Re: [RFC] MIPS: Add cacheinfo support

Leonid Yegoshin <Leonid.Yegoshin@xxxxxxxxxx> · Thu, 8 Dec 2016 17:01:53 -0800

On 12/08/2016 04:28 PM, Justin Chen wrote:
Thanks for the comments Leonid.

We should consider the scope of this patch. The information we are
trying to expose to userspace is limited to the struct cacheinfo
located at include/linux/cacheinfo.c (of course this can always be
expanded). So the question is what information would be useful to
expose to userspace.
Some justification for exposing the current information in the
cacheinfo struct could be: (Pulled from another email chain)
"Agreed. So far I have got requests from GCC, JIT and graphics guys.
IIUC they need this to support cache flushing for user applications like
gcc trampolines and JIT compilers. I am also told that having knowledge
of cache architecture can help optimal code strategies, though I don't
have much details on that."
https://patchwork.kernel.org/patch/5867721/

There may be justification for including the points you mentioned
above, but I believe that is outside the scope of this patch. The
cache information exposed in this patch is limited, but I do not
believe it is useless. The points above can be added, but it will
require a rework of the base cacheinfo driver. driver/base/cacheinfo.c

Justin,

CACHE instruction is not available in user space, only SYNCI on MIPS R2+ 
for trampoline.
Any operation with CACHE requires a syscall.

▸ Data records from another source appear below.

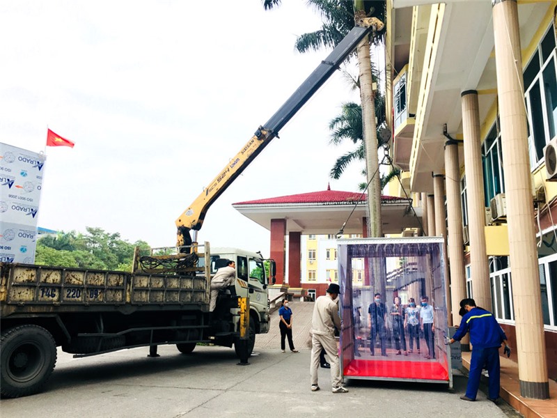 Vận hành thử nghiệm buồng khử khuẩn toàn thân sau khi lắp đặt.
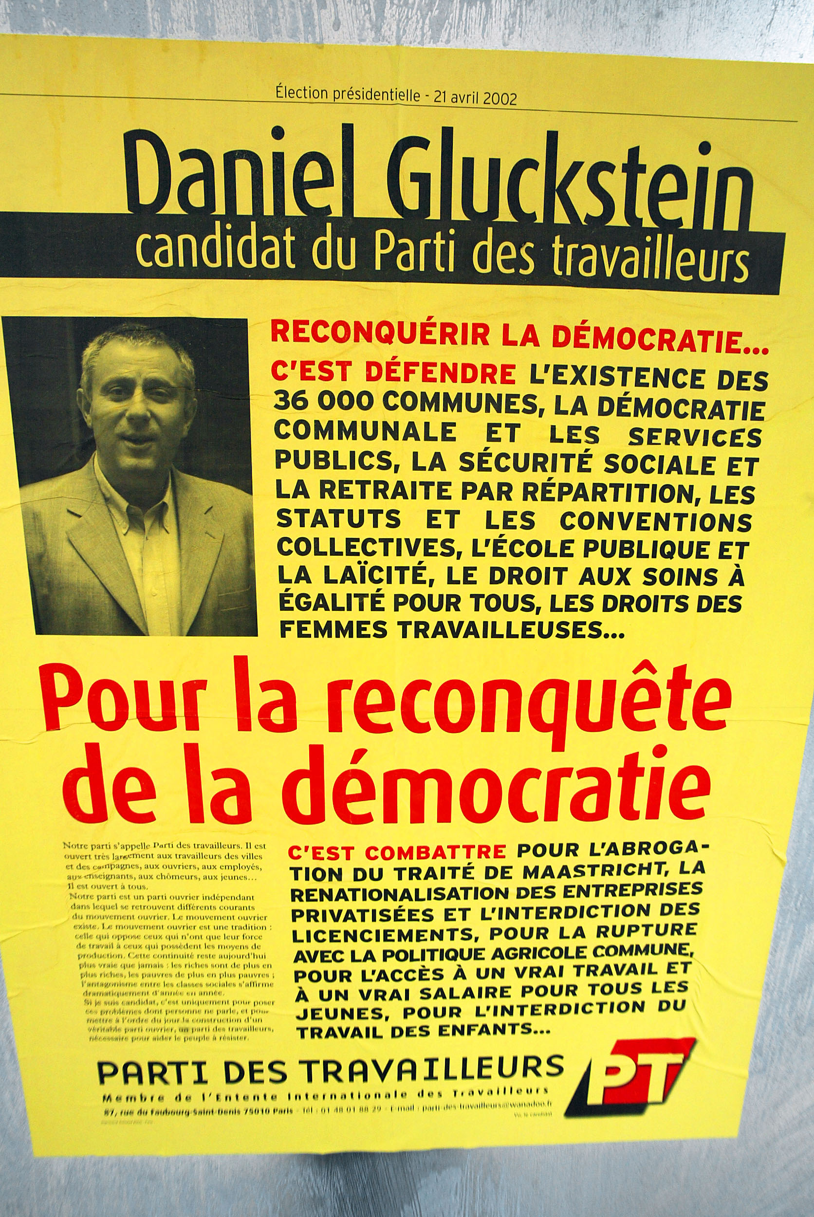 19h00. Lionel Jospin et son épouse, la philosophe Sylviane Agacinski, arrivent à l'"Atelier", son QG de campagne à Paris. Un peu partout sur sa route, des militants l’acclament au son de "Jospin président". Euphoriques, ils ne le savent pas encore, mais depuis 1/4h, Jean-Marie Le Pen est passé devant leur candidat. Sur le coup de 20h, l'information tombe, officielle: Jean-Marie Le Pen récolte 16,86% des voix, derrière Jacques Chirac (19,88%) mais devant Lionel Jospin, qui figure en troisième position avec 16,18%. Le leader du FN sera donc au second tour, pas Jospin.
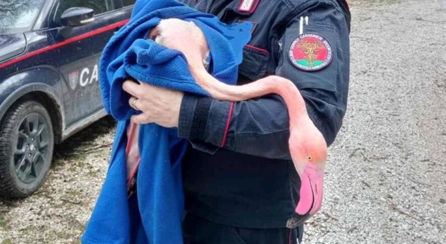 In quella porzione di faggeta, lunga circa 300 metri, erano presenti anche due fenicotteri ancora in vita ma fortemente debilitati, recuperati e avvolti in coperte dai forestali (nella foto) prima di affidarli proprio alle cure del CRAS. Proprio ieri (17 marzo) entrambi i “superstiti” sono stati liberati alle Saline di Cervia, luogo di nidificazione della specie.
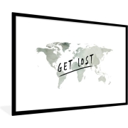 Fotolijst incl. Poster - Wereldkaart - Quote - Grijs - 90x60 cm - Posterlijst
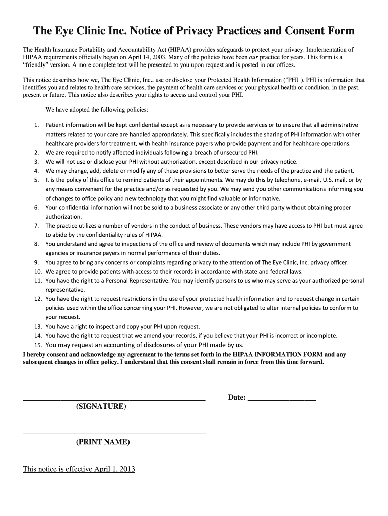 The Eye Clinic Inc. Notice of Privacy Practices and Consent Form The Health Insurance Portability and Accountability Act (HIPAA) provides safeguards to protect your privacy. Implementation of HIPAA
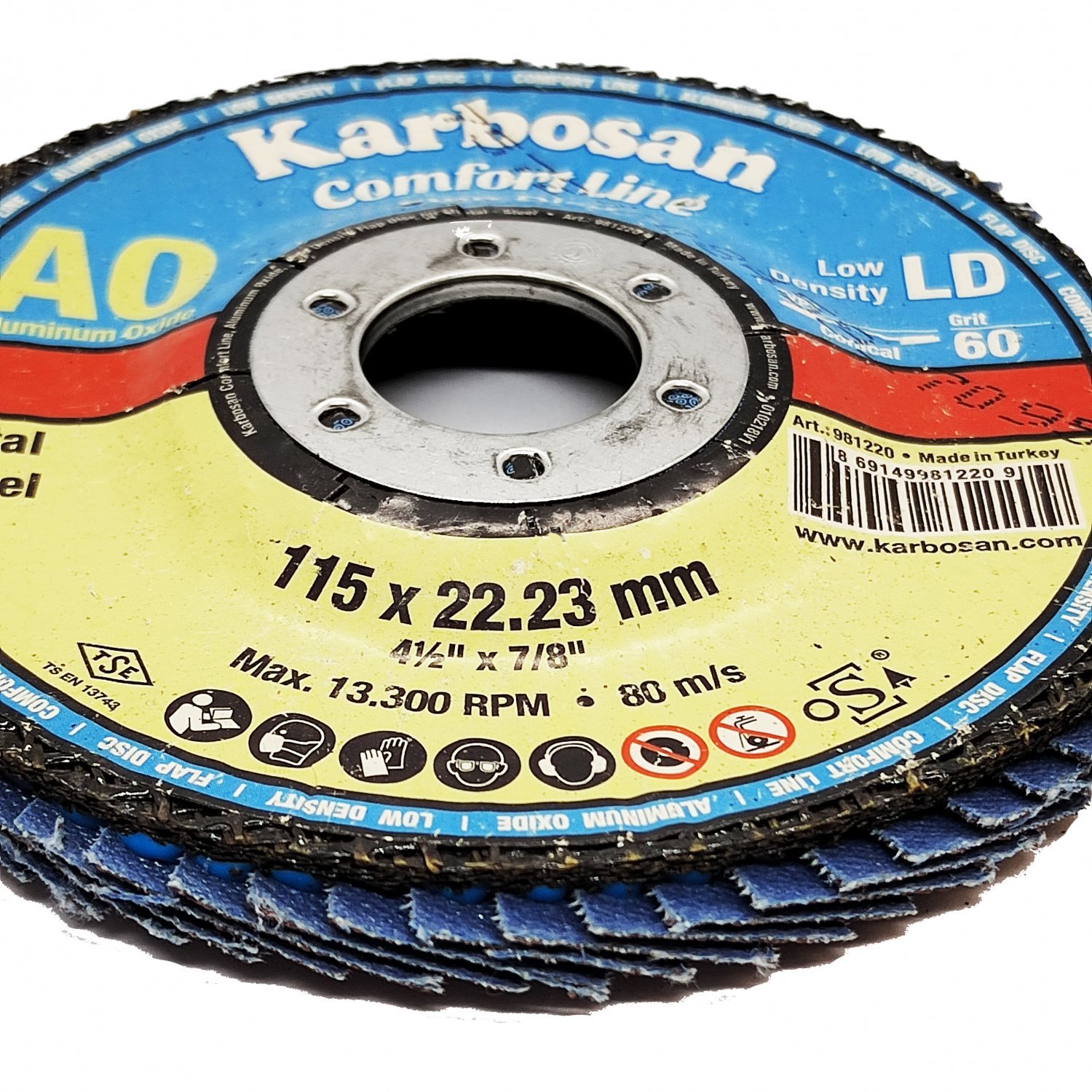 Лепестковый круг КЛТ 115х22 Р60 Karbosan Comfort Line AO LD Flap Конический – это абразивный инструмент, который используется для шлифования и финишной обработки металлических поверхностей. Этот круг подходит для обработки металлов, удаления заусенцев, зачистки сварных швов и других работ, требующих высокой точности и качества обработки.
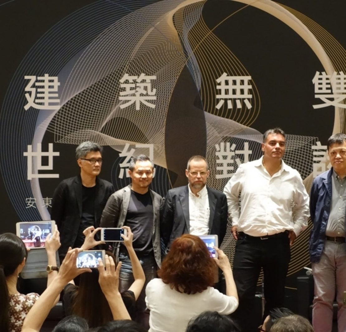 第二場由Zaha Hadid建築師事務所副董事Cristiano Ceccato主講,分享北京銀河SOHO、北京新機場以及台灣新北淡江大橋等案例之建築工法,擁抱參數化主義的Zaha Hadid實地運用抽象複雜的線條和曲面,解放人們對於建築思維的限制,創造一棟棟朝天際線橫衝直撞、宛如向外星人示威的龐大量體。Cristiano Ceccato也表示,古代的大教堂具有聚合人群的功能,人們在此享用聖餐,而此種愉快的體驗,也是Zaha Hadid團隊欲透過建築創造昇華的事,因此借助數位科技執行的幾何造型,與不同領域協作共創的作品,最終願景仍是打造一處使人們享受、徜徉其中的空間。最後一場座談,由成功大學建築學系教授吳光庭、建築師郭英釗及何以立提問,從歷史視角與都市規畫角度,與Jordi Faulí和Cristiano Ceccato進行對談。
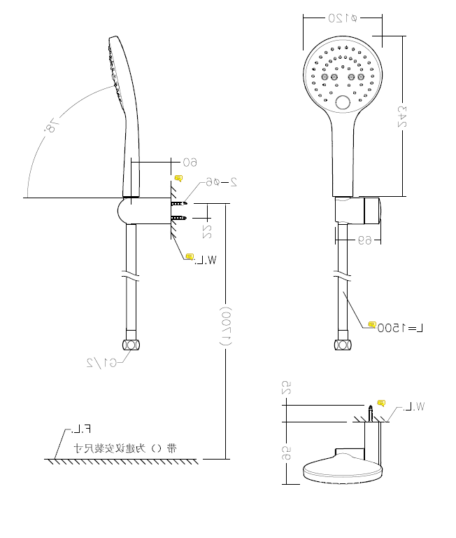手持花洒、墙座、PVC花洒软管

As for SYNCI (trampoline from L1D->L1I) the following information in 
user space is needed:

    1. L1 line size (available via RDHWR $x, $1). It is available now 
directly from CPU, but may be better to supply from kernel because some 
cores has no that.

    2. The flag that L1I is NOT coherent with L1D and SYNCI is needed 
and available

The knowledge about L1/L2 sizes is not needed for regular application... 
well, if application wants to get advantage of cache sizes, well, in 
this case it can be supplied.

But it is unreliable because app may be rescheduled into different kind 
of core which has a different L1 size (in heterogeneous system, BTW). It 
can be fixed by setting affinity, of course (not sure - can it be 
reliably done in BIG/LITTLE approach). But that requires in application 
the knowledge and understanding of system CPU structure... well why we 
can allow all that stuff besides information purpose? It corrupts the 
all efforts and optimization in kernel about performance and powersaving.

Regards,
- Leonid.